Stored data
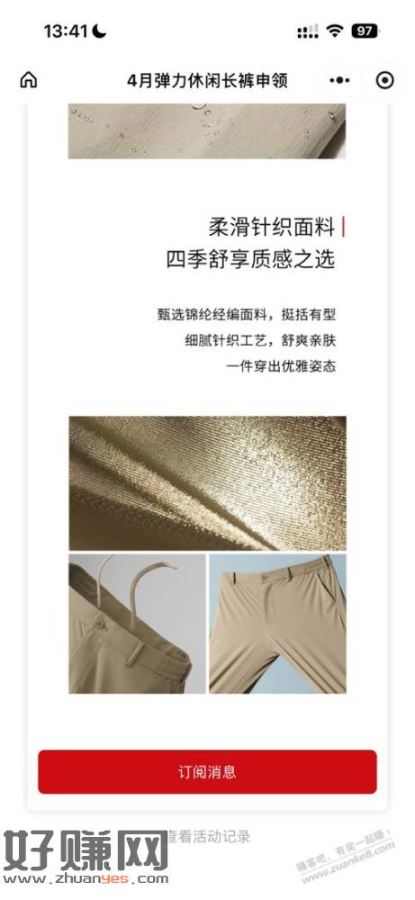 选择商品:4月24日至5月3日 活动开奖:5月4日 试穿评价:5月11日至5月17日 截止至5月3日 中了到线下门店自取 为了不影响下次中奖 需要写试用报告 #小程序://优衣库会员俱乐部/M7BSy7yg6j7wdls
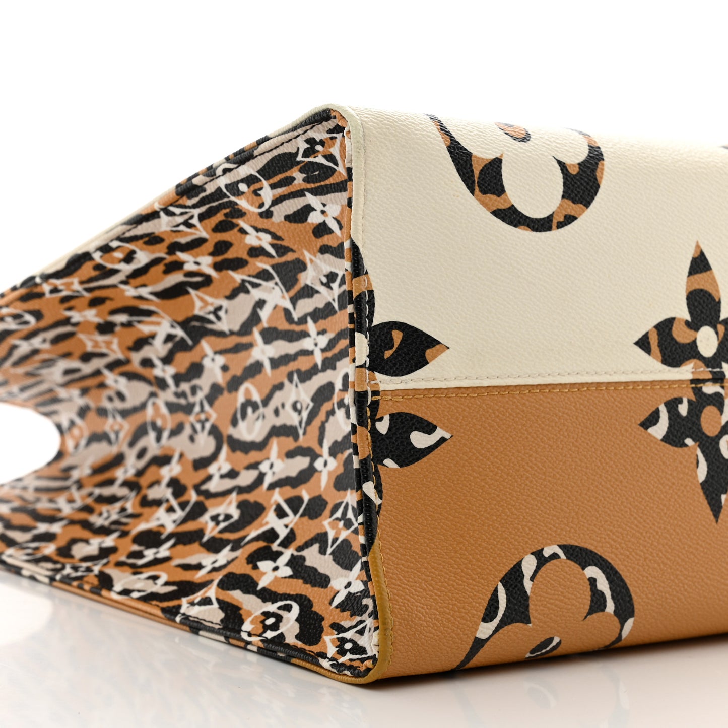 This is an authentic LOUIS VUITTON Monogram Giant Jungle Onthego GM in Ivory. This limited edition tote is crafted of oversized Louis Vuitton monogram in cheetah print on caramel brown and ivory coated canvas, with a classic monogram in orange and white on zebra and leopard print coated canvas side panels. The bag features black and white monogram rolled top handles, and matching shoulder straps that can be tucked away inside the bag. The top is open to a spacious striped ivory fabric interior with zipper and patch pockets.Follow this item for alerts. Louis Vuitton is a registered trademark of Louis Vuitton. FASHIONPHILE is not affiliated with Louis Vuitton.
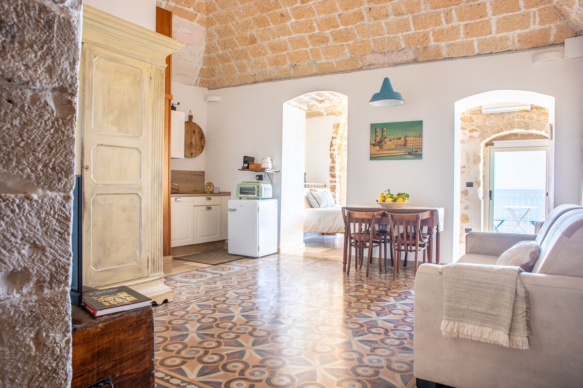 CIS: BR07401291000000188 NIN: IT074012B400033730 Doživite čaroban osjećaj boravka između prošlosti i sadašnjosti - to je istorijski dom! Starinski podovi i kameni zidovi su pozadina okruženja opremljenog dizajnerskim predmetima, starom keramikom i lokalnim namještajem. Velika privatna terasa, sa solarijumom i toplim tušem, će vas oduševiti: možete se opustiti uz čašu vina u sumrak, uživati na suncu na udobnim ležaljkama ili pripremiti večeru u čarobnoj apulijskoj atmosferi.
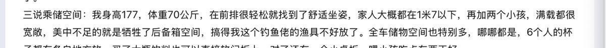 第二位车主是增购车辆,由于有了二孩,所以考虑买6座或者7座SUV,看了蔚来、理想、比亚迪等品牌的车型,要么就因为价格放弃,要么因为不合适的座椅布局放弃,而后关注到零跑C16,不到20万可以买大空间6座,有增程还有纯电,最终选择了增程版车型。根据车主反馈,身高175cm的他,不管是驾驶位置还是第三排的空间都很充裕,后备厢也可以正常满足放2个行李箱,家里有2个孩子坐在二排非常舒服,后期即便带着家里老人和两个孩子,全家6人出行,空间也绰绰有余。而且车辆的安全性不错,车速缓慢路过障碍物时,会自动打开全景影像,对于盲区可以很好的观察。
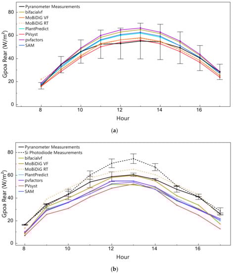 In the HSAT scenario, we do not see the same level of model agreement (Figure 7b). We observed that the irradiance sensor closest to the sky (i.e., western sensor in the morning, eastern sensor in the afternoon) typically receives more irradiance than the pyranometer closest to the ground, which is consistent with the findings of [22]. We found that the differences between eastern and western GPOA,Rear measurements on the HSAT system were not as extreme as differences between the top and bottom GPOA,Rear measurements on the fixed-tilt system. On a clear sky day, we observed differences on the order of 10 W∙m−2 between western and eastern pyranometers. Although five of eight software agree within 5 W∙m−2 of each other, none of the same five tools overlap with the measurement uncertainty bars in Figure 7b. This result could likely change if alternative backside pyranometer locations were chosen. Therefore, the PV industry could benefit from a standardized best-practice protocol for mounting the rear plane of array irradiance sensors in bifacial PV monitoring systems.
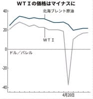 ニューヨーク市場に上場する原油先物のWTI(ウエスト・テキサス・インターミディエート)が20日に、取引中心の期近の5月物が史上初めて「マイナス」となった。新型コロナウイルスの感染拡大を抑える対策で経済活動が停滞し原油需要が急減しているうえ、WTIの決済手段も影響している。異例な値動きの背景を読み解いた。
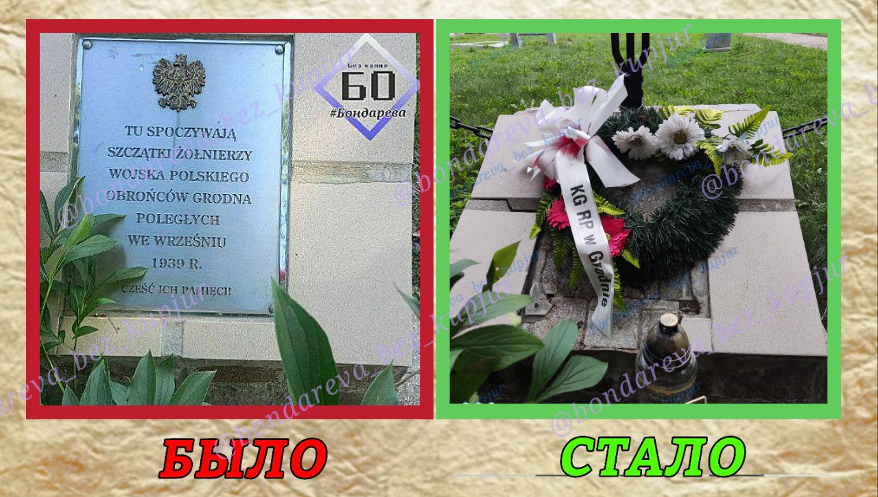 На вайсковых могілках у Гродне ёсць пахаванні польскіх, нямецкіх і расійскіх жаўнераў. Польскія адносяцца да савецка-польскай вайны, іншыя да Першай сусветнай. Таксама на могілках пастаўлены помнік рэпрэсаваным польскім афіцэрам з памятнай шыльдай, аднак цяпер шыльду знялі, прыкрыўшы гэтае месца вянком, паведамляе «Свабода».
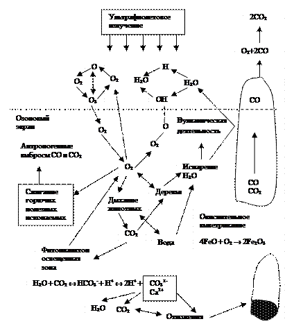 Один из наиболее сложных кругооборотов, так как с кислородом О2 вступает в реакцию большое количество органических и неорганических веществ, а также водород (последний дает с О2 ® воду Н2 О). Упрощенная схема кругооборота кислорода представлена на рис. 2.8). Кругооборот кислорода непосредственно связан с кругооборотом углерода (процессы фотосинтеза, дыхания и питания животных). Особенностью кругооборота кислорода является широкое многообразие кислородсодержащих веществ в биосфере. Кислород в

Task item: Please give the entries above again exactly as written, leaving out any pictures.

Response to the exercise:
 选择商品:4月24日至5月3日 活动开奖:5月4日 试穿评价:5月11日至5月17日 截止至5月3日 中了到线下门店自取 为了不影响下次中奖 需要写试用报告 #小程序://优衣库会员俱乐部/M7BSy7yg6j7wdls
 This is an authentic LOUIS VUITTON Monogram Giant Jungle Onthego GM in Ivory. This limited edition tote is crafted of oversized Louis Vuitton monogram in cheetah print on caramel brown and ivory coated canvas, with a classic monogram in orange and white on zebra and leopard print coated canvas side panels. The bag features black and white monogram rolled top handles, and matching shoulder straps that can be tucked away inside the bag. The top is open to a spacious striped ivory fabric interior with zipper and patch pockets.Follow this item for alerts. Louis Vuitton is a registered trademark of Louis Vuitton. FASHIONPHILE is not affiliated with Louis Vuitton.
 CIS: BR07401291000000188 NIN: IT074012B400033730 Doživite čaroban osjećaj boravka između prošlosti i sadašnjosti - to je istorijski dom! Starinski podovi i kameni zidovi su pozadina okruženja opremljenog dizajnerskim predmetima, starom keramikom i lokalnim namještajem. Velika privatna terasa, sa solarijumom i toplim tušem, će vas oduševiti: možete se opustiti uz čašu vina u sumrak, uživati na suncu na udobnim ležaljkama ili pripremiti večeru u čarobnoj apulijskoj atmosferi.
 第二位车主是增购车辆,由于有了二孩,所以考虑买6座或者7座SUV,看了蔚来、理想、比亚迪等品牌的车型,要么就因为价格放弃,要么因为不合适的座椅布局放弃,而后关注到零跑C16,不到20万可以买大空间6座,有增程还有纯电,最终选择了增程版车型。根据车主反馈,身高175cm的他,不管是驾驶位置还是第三排的空间都很充裕,后备厢也可以正常满足放2个行李箱,家里有2个孩子坐在二排非常舒服,后期即便带着家里老人和两个孩子,全家6人出行,空间也绰绰有余。而且车辆的安全性不错,车速缓慢路过障碍物时,会自动打开全景影像,对于盲区可以很好的观察。
 In the HSAT scenario, we do not see the same level of model agreement (Figure 7b). We observed that the irradiance sensor closest to the sky (i.e., western sensor in the morning, eastern sensor in the afternoon) typically receives more irradiance than the pyranometer closest to the ground, which is consistent with the findings of [22]. We found that the differences between eastern and western GPOA,Rear measurements on the HSAT system were not as extreme as differences between the top and bottom GPOA,Rear measurements on the fixed-tilt system. On a clear sky day, we observed differences on the order of 10 W∙m−2 between western and eastern pyranometers. Although five of eight software agree within 5 W∙m−2 of each other, none of the same five tools overlap with the measurement uncertainty bars in Figure 7b. This result could likely change if alternative backside pyranometer locations were chosen. Therefore, the PV industry could benefit from a standardized best-practice protocol for mounting the rear plane of array irradiance sensors in bifacial PV monitoring systems.
 ニューヨーク市場に上場する原油先物のWTI(ウエスト・テキサス・インターミディエート)が20日に、取引中心の期近の5月物が史上初めて「マイナス」となった。新型コロナウイルスの感染拡大を抑える対策で経済活動が停滞し原油需要が急減しているうえ、WTIの決済手段も影響している。異例な値動きの背景を読み解いた。
 На вайсковых могілках у Гродне ёсць пахаванні польскіх, нямецкіх і расійскіх жаўнераў. Польскія адносяцца да савецка-польскай вайны, іншыя да Першай сусветнай. Таксама на могілках пастаўлены помнік рэпрэсаваным польскім афіцэрам з памятнай шыльдай, аднак цяпер шыльду знялі, прыкрыўшы гэтае месца вянком, паведамляе «Свабода».
 Один из наиболее сложных кругооборотов, так как с кислородом О2 вступает в реакцию большое количество органических и неорганических веществ, а также водород (последний дает с О2 ® воду Н2 О). Упрощенная схема кругооборота кислорода представлена на рис. 2.8). Кругооборот кислорода непосредственно связан с кругооборотом углерода (процессы фотосинтеза, дыхания и питания животных). Особенностью кругооборота кислорода является широкое многообразие кислородсодержащих веществ в биосфере. Кислород в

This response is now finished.